Crucially, the pathology information is not lost: the three fusion_* masks are the pathologist's annotations (lesion / invasive-adenocarcinoma component / blood vessels) mapped from the 3-D histology reconstruction onto the CT grid, so the radiology-pathology fusion that defines this dataset is preserved in CT space.

Contents

One folder per patient (LungFCP-01-0001-0006), each with 1 CT + 5 masks, all identical geometry (same shape / spacing / origin / direction as the CT):

File suffix Source Encoding Role
_ct.nii.gz CT int16 HU Chest CT volume
_nodule.nii.gz DICOM SEG uint8 {0,1} Gold-standard nodule — majority vote of 3 radiologists
_vessel.nii.gz DICOM SEG uint8 {0,1} Blood vessel, manual (used for validation)
_fusion_lesion.nii.gz DICOM FUSION uint8 {0,1} Lesion mapped from 3-D histology (orig code 7)
_fusion_invasion.nii.gz DICOM FUSION uint8 {0,1} Invasive-adenocarcinoma component mapped from histology (orig code 306)
_fusion_vessel.nii.gz DICOM FUSION uint8 {0,1} Blood vessels mapped from histology (orig code 32)

metadata.csv lists, per patient, the CT reconstruction used, shape, spacing, origin, and the voxel count + original (pre-binarization) code value of each mask.

Recommended ground truth

For nodule/lesion segmentation benchmarking, use _nodule — the paper's designated gold standard ("a voxel within the nodule annotation of at least two of three raters was included in the consensus delineation"). The fusion_* masks are derived (histology-registered) ground truth of disease extent and are best treated as a distinct, harder task.

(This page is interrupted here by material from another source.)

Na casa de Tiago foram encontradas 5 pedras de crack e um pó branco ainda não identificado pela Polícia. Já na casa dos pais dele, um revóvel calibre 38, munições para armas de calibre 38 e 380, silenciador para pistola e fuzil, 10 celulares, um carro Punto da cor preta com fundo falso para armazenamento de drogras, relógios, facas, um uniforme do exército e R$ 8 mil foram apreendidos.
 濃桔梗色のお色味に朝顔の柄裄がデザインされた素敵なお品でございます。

Masks were binarized from the source label codes.

Per-patient CT reconstruction

The masks were drawn on one specific CT reconstruction per patient (the kernel varies — e.g. patient 0005's masks align to the lung kernel, not soft-tissue); each patient's stored CT is the recon whose voxel grid matches its masks exactly.

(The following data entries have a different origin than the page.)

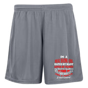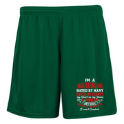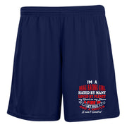 For the fearless and self-assured ladies who are ready to take on the track in style and comfort, we present our "I'm A Drag Racing Girl Hated By Many Loved By Plenty" Ladies' Moisture-Wicking 7 inch Inseam Training Shorts.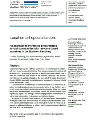A common challenge for Northern communities is how to retain a local benefit from resource-based industries. This study assesses the process of developing a local smart specialisation strategy in two…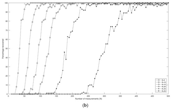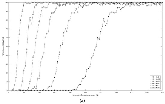 Figure 3 displays the relation between the percentage (of 100 input signals) of the support that can be determined correctly and the number N of measurements in different dimensions d. It reveals how many measurements are necessary to reconstruct a k-sparse signal with a high probability. A percentage equal to means that support for all 100 input signals can be found. That is to say, the support of the input signal can be exactly recovered. Furthermore, Figure 3 indicates that to guarantee the success of recovering the target signal, the number N of the measurements must increase when the sparsity level k increases.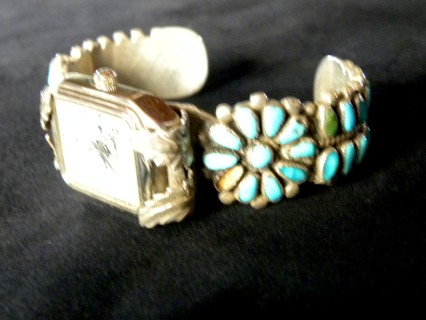This heavy sterling silver Forty year old petite point and snake eye turquoise cluster watch bracelet is Navajo designed and handmade. This is from Old Pawn; has 47 stone - as is missing one stone and one with a small chip (shown in photo) - "SelecTime" Watch - Band Signed “BB” - Very Old - "End of the Trail" Motif - stones measure approx. 1” tall by 7/8” wide - watch bracelet fits a 9” wrist. It has a 1.5” opening.

Patient CT reconstruction Shape (z,y,x) Spacing (x,y,z) mm
LungFCP-01-0001 Thorax 2.0 B31f (321, 512, 512) (0.76, 0.76, 1.0)
LungFCP-01-0002 (axial, 337 sl.) (337, 512, 512) (0.66, 0.66, 1.0)
LungFCP-01-0003 Chest/Abd/Pel 5.0 B30f Soft Tiss (125, 512, 512) (0.732, 0.732, 5.0)
LungFCP-01-0004 Chest 2.0 B30f Soft Tissue (308, 512, 512) (0.719, 0.719, 1.0)
LungFCP-01-0005 Thorax 2.0 B70f Lung (126, 512, 512) (0.574, 0.574, 2.0)
LungFCP-01-0006 Lung (385, 512, 512) (0.801, 0.801, 1.0)

Integrity notes

  • Provenance — official. Downloaded from the TCIA NBIA REST API (public, no login). Source: Madabhushi & Rusu (2018), data from University Hospitals Cleveland Medical Center + Case Western Reserve University. Patient count 6/6 matches the paper. Masks/CT are author-generated DICOM image stacks (Manufacturer = github.com/mirabelarusu/RadPathFusionLung), converted to NIfTI with SimpleITK.
  • Faithful naming. This is the CT + masks subset of "Lung-Fused-CT-Pathology"; the raw whole-slide pathology component is excluded (see Scope above).
  • Cross-dataset overlap — none known. Single-institution surgical cohort (Cleveland/CWRU), selected for resected GGNs with matched ex-vivo histology — disjoint from LIDC-IDRI / LUNA16 / NSCLC-Radiomics / 4D-Lung / MSD-Lung. No shared identifier column exists.

Provenance & citation

License CC BY 3.0 — please cite the paper and the TCIA collection DOI. For research and educational use; not for clinical decision-making.